Methods that perform very well under one challenge (e.g., background motion) may not perform well in the presence of another challenge (e.g., strong shadows or night videos). Moreover, authors tend to compare their own method to typical easily-implementable algorithms, thus giving an overwhelming importance to a limited number of methods while marginalizing those more difficult to implement. Furthermore, they often use their own videos making the comparison somewhat biased.

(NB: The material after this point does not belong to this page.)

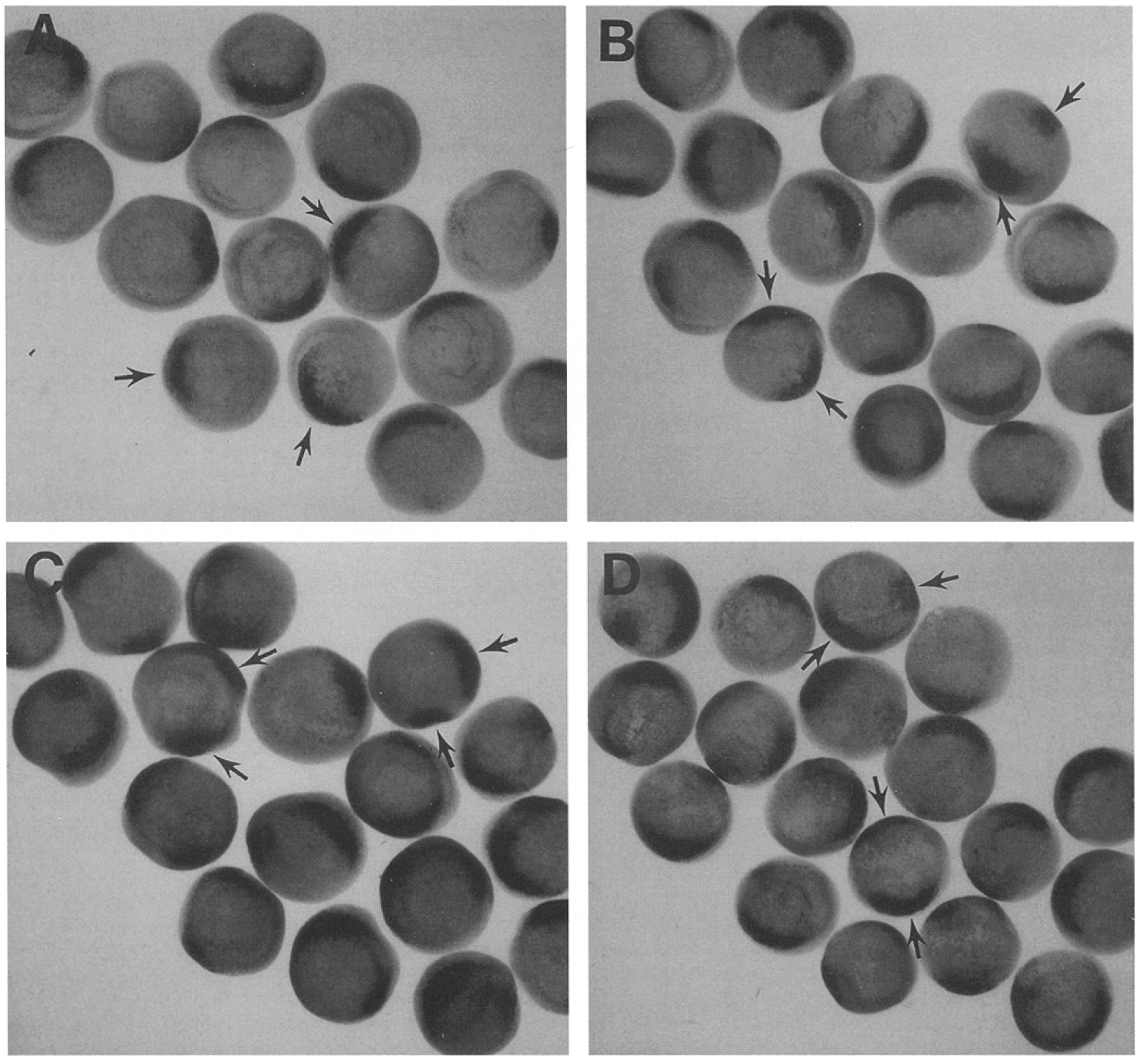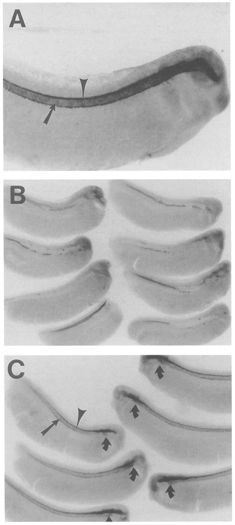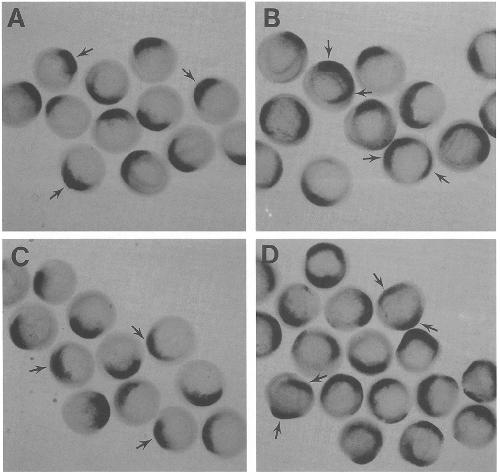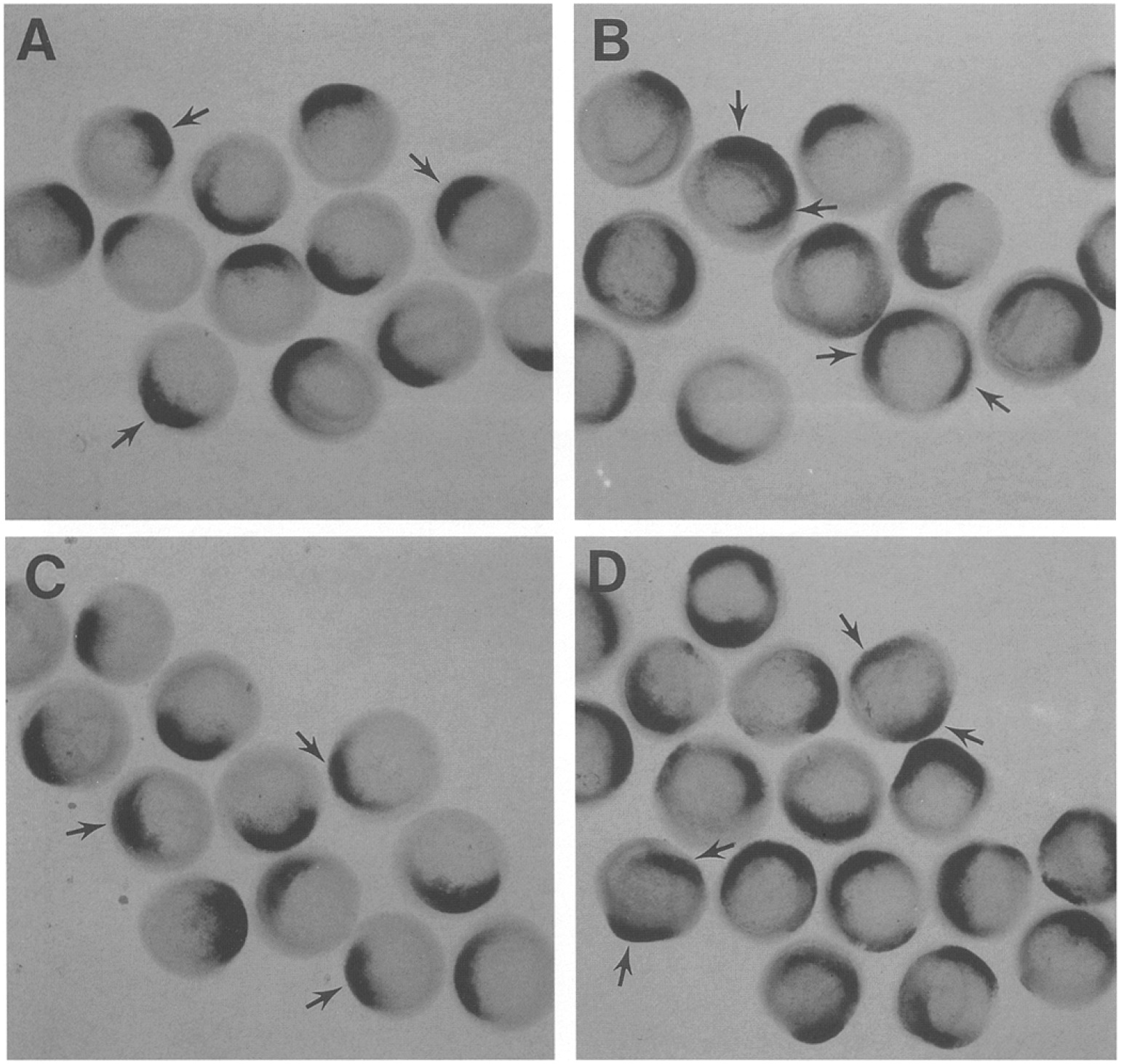 (D) RNA followed by BVgl RNA also possess multiple sites of gsc expression. (Arrows) Sites of gsc expression.

In addition to providing a fine-grained and accurate annotation of videos (2012 DATASET and 2014 DATASET ), we also provide tools to compute the following performance metrics:

  • Average ranking accross categories : (sum of ranks for all categories) / (number of categories)
  • Average ranking : (rank:Recall + rank:Spec + rank:FPR + rank:FNR + rank:PWC + rank:FMeasure + rank:Precision) / 7
  • TP : True Positive
  • FP : False Positive
  • FN : False Negative
  • TN : True Negative
  • Re (Recall) : TP / (TP + FN)
  • Sp (Specificity) : TN / (TN + FP)
  • FPR (False Positive Rate) : FP / (FP + TN)
  • FNR (False Negative Rate) : FN / (TP + FN)
  • PWC (Percentage of Wrong Classifications) : 100 * (FN + FP) / (TP + FN + FP + TN)
  • F-Measure : (2 * Precision * Recall) / (Precision + Recall)
  • Precision : TP / (TP + FP)
  • FPR-S : Average False positive rate in hard shadow areas

These metrics are reported for each dataset (2012 DATASET RESULTS and 2014 DATASET RESULTS) and allow to identify algorithms that are robust across various challenges. The source code to compute all performance metrics is provided in UTILITIES.